Regarding the description of robot state representation and its notation.

Thank you for thoroughly checking our notations and raising your concerns. However, we believe that the notation is consistent and correct. We represent the gripper’s state as a collection of the positions of key points on the end-effector with their associated feature vectors. A set of positions is an over-parametrization of an SE(3) pose, while distinct feature vectors allow us to distinguish them while also holding information about the binary open-close gripper state. Thus a set of these points and feature vectors fully describe the state of the end-effector.

Regarding the graph representation and its ablations.

Although our graph representation consists of three separate parts describing different components of In-Context Imitation Learning (demonstrations, current observation and future actions), together they form a single graph that is used by our model. In Appendix G (Things that Did not Work), we describe other graph structures that failed to produce good results. Namely, a fully connected graph and a homogeneous graph. We did not include these results in the ablations section as the results were not very informative and left it as a qualitative discussion in the appendix.

Regarding improvements in describing our method.

Thank you for suggesting that the paper could be improved and made easier to understand.

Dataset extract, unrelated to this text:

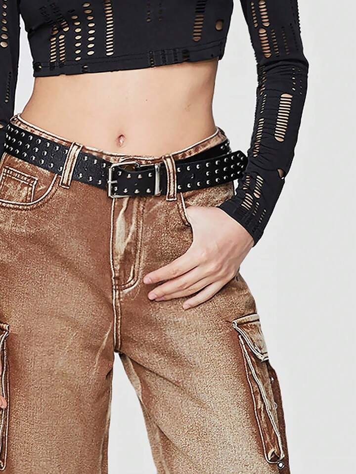 Grunge Punk 1 Pieza Cinturón Femenino Negro Con Detalles De Tachuelas, Resistente Correa De Estilo Punk Versátil Para Uso Diario

We have updated parts of the paper that could cause confusion (namely, the action representation, training procedure, use of the generated pseudo-demonstrations, and scaling trends) and added an additional figure to better convey the training procedure to the appendix. We also added new videos and visualisation on our anonymous webpage (https://sites.google.com/view/instant-policy/), that can help to understand our work better. If there are any particular parts of the paper that would benefit from further improvements, please let us know.

评论

Thanks for the response! I've looked at the other reviews/rebuttal responses; I think the explanation and improved clarity make the paper a solid one to accept.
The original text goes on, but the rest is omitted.